We also reject plaintiffs contention that the trial court erred in denying disclosure of the. investigative records under the *695 standards of the Criminal Justice Records Act.

Initially, we note that the subject criminal justice records do not involve “official actions” of the DOC as defined in the Criminal Justice Records Act. See § 24-72-302(7), C.R.S.1997. Thus, contrary to plaintiffs argument, such records are generally subject to disclosure only at the discretion of their official custodian. See § 24-72-304(1), C.R.S.1997.

Custodians of criminal justice records are specifically authorized to deny access to certain records on the ground that disclosure would be “contrary to the public interest.” The authority to deny such access extends to any “investigatory files” compiled for any “law enforcement purpose.” Section 24-72-305(5), C.R.S.1997; see also § 24-72-204(2)(a)(I), C.R.S.1997 (similar provisions in Open Records Act).

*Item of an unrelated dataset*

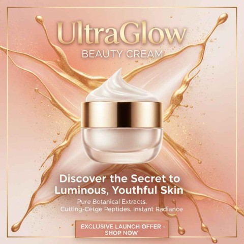 UltraGlow Beauty Cream Promotional Banner Design Template for Skincare Marketing
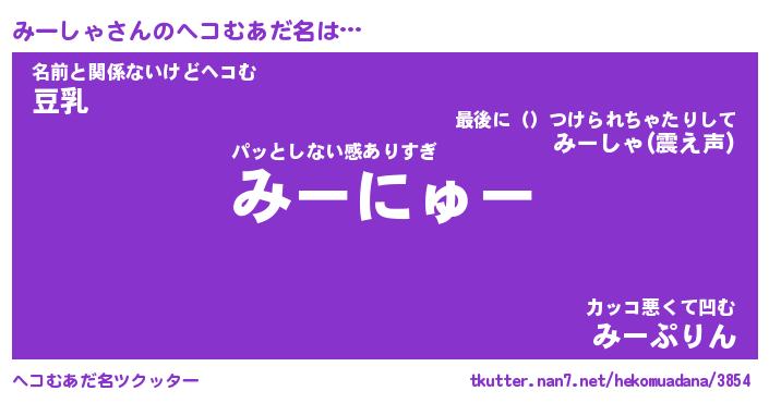 | 意味不明あだ名 | 『ペロリンみーしゃ』『永久保存みーしゃ』 |

Nevertheless, in district court actions in which the disclosure of criminal justice records is sought, the court must order such disclosure unless it “finds that the denial of inspection was proper.” Section 24-72-305(7), C.R.S.1997.

Here, the trial court found that the denial of access to the subject investigative records was proper because the disclosure of such records to plaintiff would be contrary to the public interest.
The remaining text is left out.